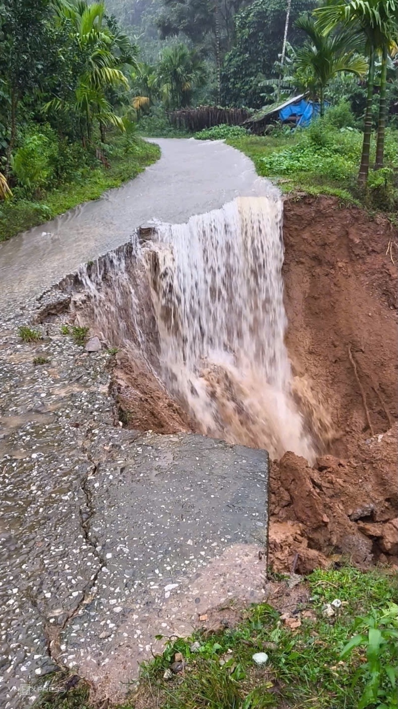 Đường ở thôn Trà Xuông, xã Tây Trà bị sụt lún dài 4 m, với chiều rộng bằng nửa mặt đường. Vị trí lún tạo thành hố sâu 4 m tiếp tục bị dòng nước lũ dội xuống. Thống kê của tỉnh Quảng Ngãi, đến chiều 27/10, toàn tỉnh có 30 vị trí sạt lở do mưa lũ. Ảnh: Phạm Linh
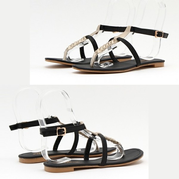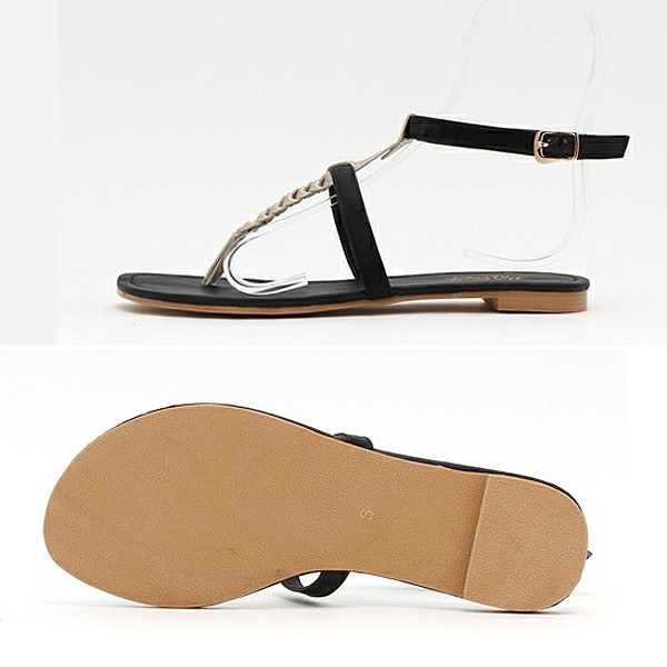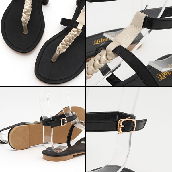 フロントの編み込みトングがおしゃれなトングサンダル!!真夏の定番!女の子の足元を可愛らしく飾るトングサマーサンダル登場!くすんだゴールド調カラー×モノトーンが足元をクールに演出してくれます♪フロントから続くアンクルストラップは、3段階で調節可能。 しかもひっかけるだけの簡単タイプ。夏の定番となったトングサンダルだから、1足はもちたいアイテムですね♪ヒールも低くシンプルなデザインだから、合わせやすいアイテムです。プチプライスだから、色違いでゲットするのもおススメです!モデルのように、ネイルをしたり、お手持ちのアンクレットやエスニックアクセサリーを重ねづけするスタイルにもぴったり!元気に夏を楽しみたい!そんな1足です!■素材:アッパー/合成底
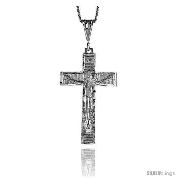 Contemporary yet classic Crucifix Pendant fashioned in Sterling Silver is unique and brilliant. Sterling Silver Crucifix Pendant, Very Well Made. It measures about 1 5/8" (41mm) Tall not including the bail. NO Chain Included
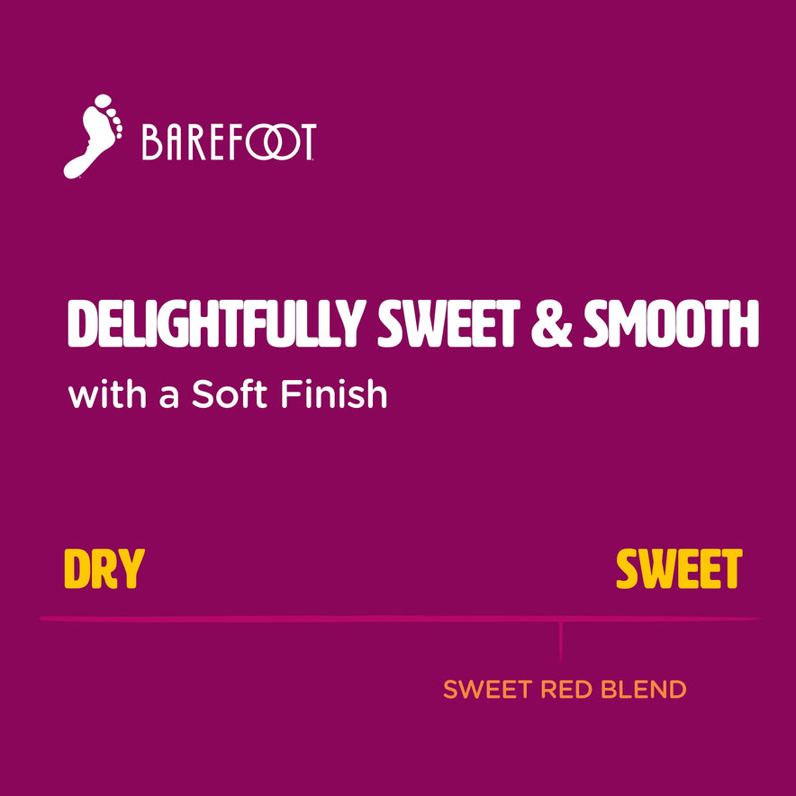 Barefoot Sweet Red Blend Red Wine features explosive notes of sweet raspberries, ripe plums and juicy cherries. Offering a delicious combination of Zinfandel, Pinot Noir, Barbera, Grenache and Petite Sirah, this Barefoot wine offers a smooth, soft finish. This California wine is best served chilled. This sweet wine comes from Barefoot, the most awarded wine brand in US competitions. Let's get Barefoot. Comes in a glass bottle that is 100% recyclable. 148ml.
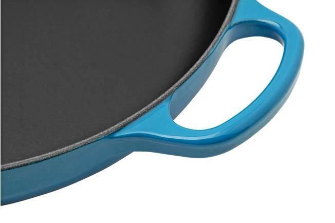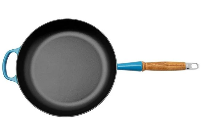 This Le Creuset frying pan azure from the Signature series is made from solid cast iron. A decent, top-quality pan that will last for generations. You can do a lot with this cast-iron pan. Cooking, frying and stewing on all types of cooking hobs. Because of the wooden handles, you cannot use this pan in the oven or dishwasher.
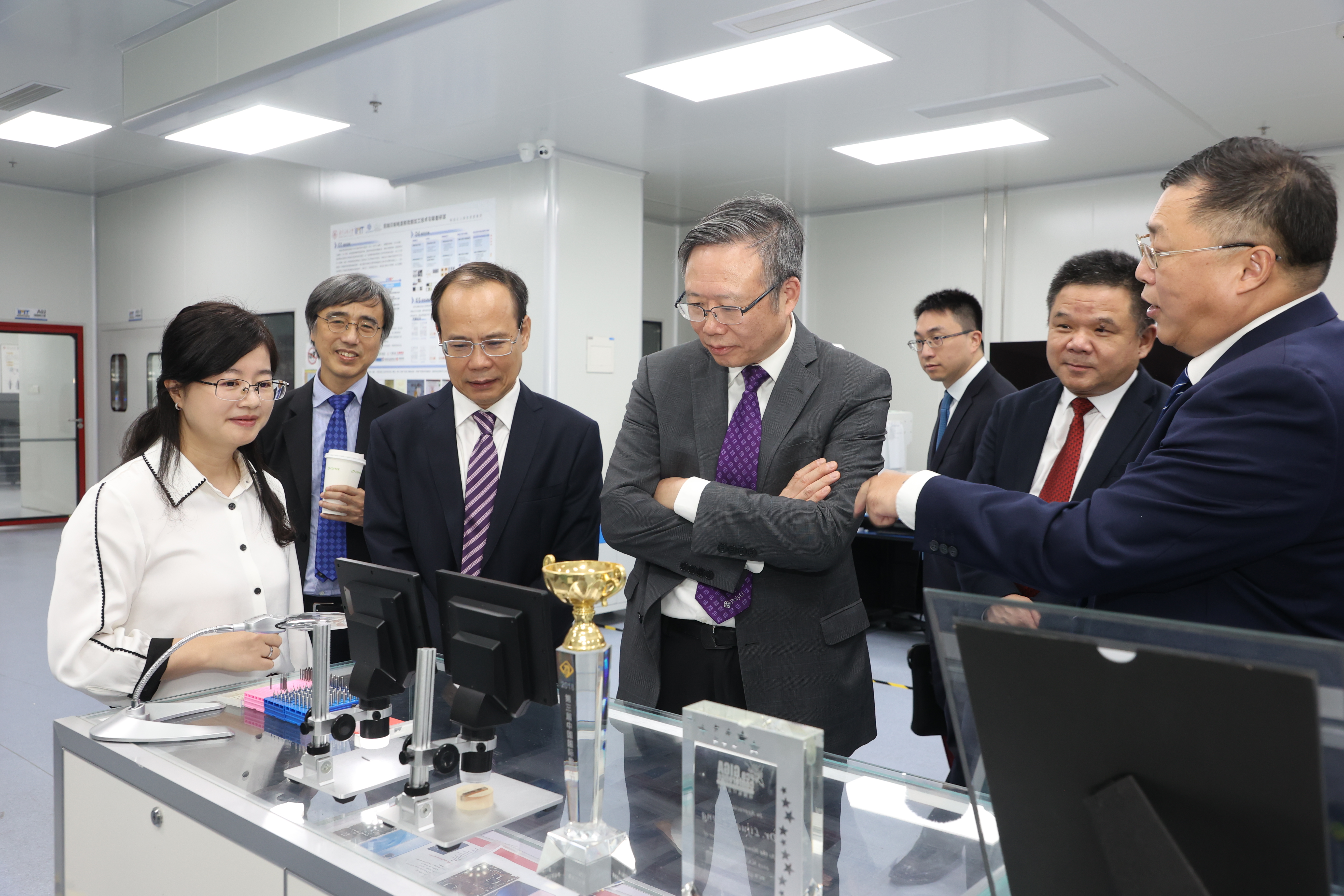 会见座谈之前,滕锦光一行在邱学青、杜承铭、王成勇、张学理等陪同下分别参观了创新创业学院、高性能工具全国重点实验室(环亚手机版登录入口)。王成勇对高性能工具全国重点实验室(环亚手机版登录入口)的相关建设及学术进展作了讲解。张学理介绍了创新创业教育的育人成果及粤港澳合作情况。滕锦光还与相关师生进行亲切交谈,了解学校创新创业教育情况及前沿技术成果。
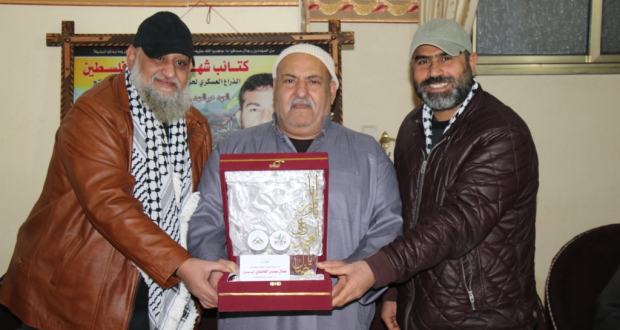 جاء ذلك في زيارة نفذتها قيادة الكتائب ممثلةً بالقائد العام أبو محمد، وقائد هيئة الأركان أبو أحمد، لمنزل عائلة الشهيد القائد «أبا حسين»، الذي اغتالته طائرات العدو الصهيوني المجرم أثناء تخطيطه لعملية فدائية جرى تنفيذها بعد اغتياله.
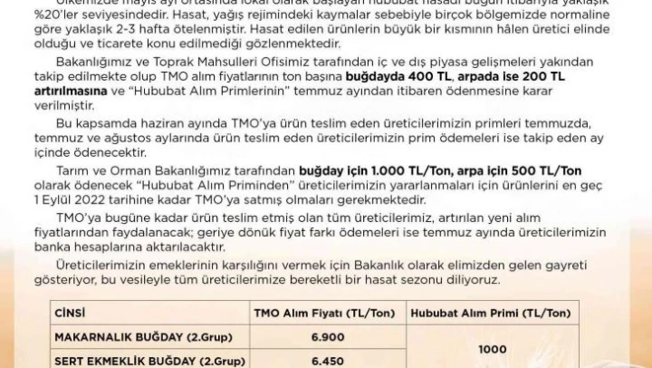 Ayrıca açıklamada haziran ayında TMO'ya ürün teslim eden üreticilerin primlerinin temmuzda; temmuz ve ağustos aylarında ürün teslim eden üreticilerin prim ödemelerinin ise takip eden ay içinde yapılacağı bildirildi. Bakanlık tarafından üreticilere “Tarım ve Orman Bakanlığımız tarafından buğday için bin lira/ton, arpa için 500 lira/ton olarak ödenecek hububat alım priminden üreticilerimizin yararlanmaları için ürünlerini en geç 1 Eylül 2022 tarihine kadar TMO'ya satmış olmaları gerekmektedir” uyarısı yapıldı.

========

» **TASK DESCRIPTION**: Leave out the pictures and copy everything else in the records word for word.

» **RESPONSE AREA**:
 Đường ở thôn Trà Xuông, xã Tây Trà bị sụt lún dài 4 m, với chiều rộng bằng nửa mặt đường. Vị trí lún tạo thành hố sâu 4 m tiếp tục bị dòng nước lũ dội xuống. Thống kê của tỉnh Quảng Ngãi, đến chiều 27/10, toàn tỉnh có 30 vị trí sạt lở do mưa lũ. Ảnh: Phạm Linh
 フロントの編み込みトングがおしゃれなトングサンダル!!真夏の定番!女の子の足元を可愛らしく飾るトングサマーサンダル登場!くすんだゴールド調カラー×モノトーンが足元をクールに演出してくれます♪フロントから続くアンクルストラップは、3段階で調節可能。 しかもひっかけるだけの簡単タイプ。夏の定番となったトングサンダルだから、1足はもちたいアイテムですね♪ヒールも低くシンプルなデザインだから、合わせやすいアイテムです。プチプライスだから、色違いでゲットするのもおススメです!モデルのように、ネイルをしたり、お手持ちのアンクレットやエスニックアクセサリーを重ねづけするスタイルにもぴったり!元気に夏を楽しみたい!そんな1足です!■素材:アッパー/合成底
 Contemporary yet classic Crucifix Pendant fashioned in Sterling Silver is unique and brilliant. Sterling Silver Crucifix Pendant, Very Well Made. It measures about 1 5/8" (41mm) Tall not including the bail. NO Chain Included
 Barefoot Sweet Red Blend Red Wine features explosive notes of sweet raspberries, ripe plums and juicy cherries. Offering a delicious combination of Zinfandel, Pinot Noir, Barbera, Grenache and Petite Sirah, this Barefoot wine offers a smooth, soft finish. This California wine is best served chilled. This sweet wine comes from Barefoot, the most awarded wine brand in US competitions. Let's get Barefoot. Comes in a glass bottle that is 100% recyclable. 148ml.
 This Le Creuset frying pan azure from the Signature series is made from solid cast iron. A decent, top-quality pan that will last for generations. You can do a lot with this cast-iron pan. Cooking, frying and stewing on all types of cooking hobs. Because of the wooden handles, you cannot use this pan in the oven or dishwasher.
 会见座谈之前,滕锦光一行在邱学青、杜承铭、王成勇、张学理等陪同下分别参观了创新创业学院、高性能工具全国重点实验室(环亚手机版登录入口)。王成勇对高性能工具全国重点实验室(环亚手机版登录入口)的相关建设及学术进展作了讲解。张学理介绍了创新创业教育的育人成果及粤港澳合作情况。滕锦光还与相关师生进行亲切交谈,了解学校创新创业教育情况及前沿技术成果。
 جاء ذلك في زيارة نفذتها قيادة الكتائب ممثلةً بالقائد العام أبو محمد، وقائد هيئة الأركان أبو أحمد، لمنزل عائلة الشهيد القائد «أبا حسين»، الذي اغتالته طائرات العدو الصهيوني المجرم أثناء تخطيطه لعملية فدائية جرى تنفيذها بعد اغتياله.
 Ayrıca açıklamada haziran ayında TMO'ya ürün teslim eden üreticilerin primlerinin temmuzda; temmuz ve ağustos aylarında ürün teslim eden üreticilerin prim ödemelerinin ise takip eden ay içinde yapılacağı bildirildi. Bakanlık tarafından üreticilere “Tarım ve Orman Bakanlığımız tarafından buğday için bin lira/ton, arpa için 500 lira/ton olarak ödenecek hububat alım priminden üreticilerimizin yararlanmaları için ürünlerini en geç 1 Eylül 2022 tarihine kadar TMO'ya satmış olmaları gerekmektedir” uyarısı yapıldı.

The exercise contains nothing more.